In my book there is the following:
Although the class of primitive recursive functions contains a great many functions of practical interest, it does not include all the Turing-computable or effectively computable functions. It does not even include all the effectively computable total functions. It is therefore natural to ask how the class of primitive recursive functions can be extended so as to admit a larger number of effectively computable functions.
One approach is to remove the upper bound from the minimalization operator. The resulting composiition rule leads us to define a new class of effectively computable functions called the $\mu-$recursive functions. With the help of an important technique known as arithmetization, it is possible to show that Ackermann's functionis a $\mu-$recursive function. The same technique can also be used to show that every Turing-computable function is $\mu-$recursive and consequently that the class of $\mu-$recursive functions is identical to the class of Turing-computable functions.

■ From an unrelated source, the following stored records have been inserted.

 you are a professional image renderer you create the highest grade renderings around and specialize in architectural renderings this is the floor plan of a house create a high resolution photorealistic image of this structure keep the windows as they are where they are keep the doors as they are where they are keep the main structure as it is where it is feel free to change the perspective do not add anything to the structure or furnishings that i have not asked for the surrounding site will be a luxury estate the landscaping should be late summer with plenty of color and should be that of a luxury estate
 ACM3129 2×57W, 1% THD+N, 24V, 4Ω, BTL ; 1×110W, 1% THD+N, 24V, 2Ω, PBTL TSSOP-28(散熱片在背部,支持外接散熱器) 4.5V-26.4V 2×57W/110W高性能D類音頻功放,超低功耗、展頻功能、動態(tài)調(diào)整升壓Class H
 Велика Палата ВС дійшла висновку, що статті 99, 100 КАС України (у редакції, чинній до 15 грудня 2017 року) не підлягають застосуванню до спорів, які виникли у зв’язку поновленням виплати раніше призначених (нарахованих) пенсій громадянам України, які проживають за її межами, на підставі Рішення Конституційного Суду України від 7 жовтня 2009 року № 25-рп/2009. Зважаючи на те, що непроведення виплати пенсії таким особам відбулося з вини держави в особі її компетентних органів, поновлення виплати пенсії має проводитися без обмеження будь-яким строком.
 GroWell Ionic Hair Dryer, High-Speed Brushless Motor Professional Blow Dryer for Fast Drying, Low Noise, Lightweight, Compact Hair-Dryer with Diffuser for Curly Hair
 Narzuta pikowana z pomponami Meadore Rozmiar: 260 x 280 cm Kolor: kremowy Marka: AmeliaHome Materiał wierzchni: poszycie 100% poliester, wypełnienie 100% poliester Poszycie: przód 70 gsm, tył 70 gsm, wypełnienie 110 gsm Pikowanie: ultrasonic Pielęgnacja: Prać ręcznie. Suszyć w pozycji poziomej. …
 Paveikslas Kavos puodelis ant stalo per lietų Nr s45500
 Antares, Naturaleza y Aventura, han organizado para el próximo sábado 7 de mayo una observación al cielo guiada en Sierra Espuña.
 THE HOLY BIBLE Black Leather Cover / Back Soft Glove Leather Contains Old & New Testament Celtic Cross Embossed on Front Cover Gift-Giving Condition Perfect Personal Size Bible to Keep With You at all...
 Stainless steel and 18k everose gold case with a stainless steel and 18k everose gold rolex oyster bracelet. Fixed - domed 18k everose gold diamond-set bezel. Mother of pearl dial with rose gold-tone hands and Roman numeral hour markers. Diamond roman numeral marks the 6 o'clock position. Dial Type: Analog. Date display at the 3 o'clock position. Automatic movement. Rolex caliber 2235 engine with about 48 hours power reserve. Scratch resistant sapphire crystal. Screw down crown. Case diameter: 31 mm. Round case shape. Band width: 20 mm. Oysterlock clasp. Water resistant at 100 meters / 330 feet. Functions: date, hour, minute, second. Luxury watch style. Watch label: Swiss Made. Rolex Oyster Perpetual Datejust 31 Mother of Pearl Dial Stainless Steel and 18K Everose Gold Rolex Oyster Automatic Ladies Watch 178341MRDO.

Could you explain to me the part:
One approach is to remove the upper bound from the minimalization operator.
Does this mean that the primitive functions are bounded above by the minimalization operator?
If $f(x_1,x_2,\dots,x_n)$ is a primitive recursive function, then $$g(y,x_2,\dots,x_n)=\min_{k<y}f(k,x_2,\dots,x_n)=0 \;(\mbox{else }y) $$ is also a primitive function.
Hence primitive recursive functions are closed under limited minimisation. However if you remove the bound, you obtain the $\mu$ operator and get a larger class : the recursive functions.